Rossini, Ravel, and Sibelius: Elizabeth
Stoyanovich, cond., Bremerton Symphony Orchestra, Bremerton Performing Arts
Center, Bremerton, WA, 07.10.2006 (BJ)
The
Bremerton Symphony continues to astonish. Here, in a relatively
small and predominantly blue-collar town, is an amateur
orchestra that was, by all accounts, going through a pretty
bad patch a few years ago; but in just her fourth season
as music director, Elizabeth Stoyanovich has raised it
to a standard capable, on this occasion, of offering almost
unalloyed pleasure in the Barber of Seville overture,
Ravel’s Boléro, and Sibelius’s Second Symphony.
At
the end of last season, when I reviewed the orchestra’s
performances of the Mozart Sinfonia Concertante for violin
and viola and Orff’s Carmina Burana, what surprised
me perhaps more than anything else was the quality of
the string playing, always a challenge for amateur forces.
This time there was a shade less polish in that department,
but that is to be expected in the season’s first concert,
before the players have a chance to accustom themselves
afresh to playing together.
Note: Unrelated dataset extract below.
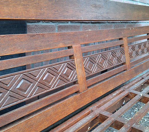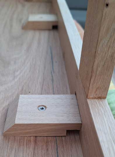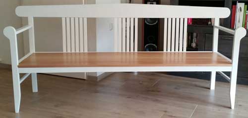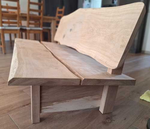 Hij moet nog in de olie en er komen natuurlijk kussens in. De gehele bank bevat 4 schroeven, dat zijn de schroeven waarmee het naamplaatje aan de voorzijde is bevestigd.

Nevertheless, the strings’
achievement (including Michael Burkland’s neatly turned
little cello solo in the trio section of Sibelius’s third
movement) was still well above average, and it shared
the limelight with accomplished woodwind playing, crisp
percussion, and some remarkably strong and well-tuned
contributions from the brass section.
The
Rossini was delivered with plenty of spirit, and, as for
Boléro, I have heard conductors of world renown
control the pacing of the music far less well than Stoyanovich
did in her admirably steady yet sufficiently nuanced reading.
It was in the Sibelius, naturally enough, that the excellence
of the brass choir was most strikingly apparent. Again,
this was a performance that blended solid execution with
considerable musical acumen. I found the first movement
at times a touch short of forward momentum, and there
were one or two passages later on that missed their full
potential: in the slow movement, the mysterious soft sections
with divided string parts were not balanced well enough
to allow the melody to come through clearly, and in the
finale the repetitions of the subordinate theme leading
up to the peroration might also have benefited from a
little more urgency of pulse. But these were minor disappointments
in an interpretation that was both thoughtful and thrillingly
dramatic–and that final brass-dominated apotheosis of
the finale’s main theme was delivered with such conviction
and such richly burnished sonority that the audience went
home obviously delighted with Sibelius, with Bremerton,
and with Ms. Stoyanovich and her dedicated players.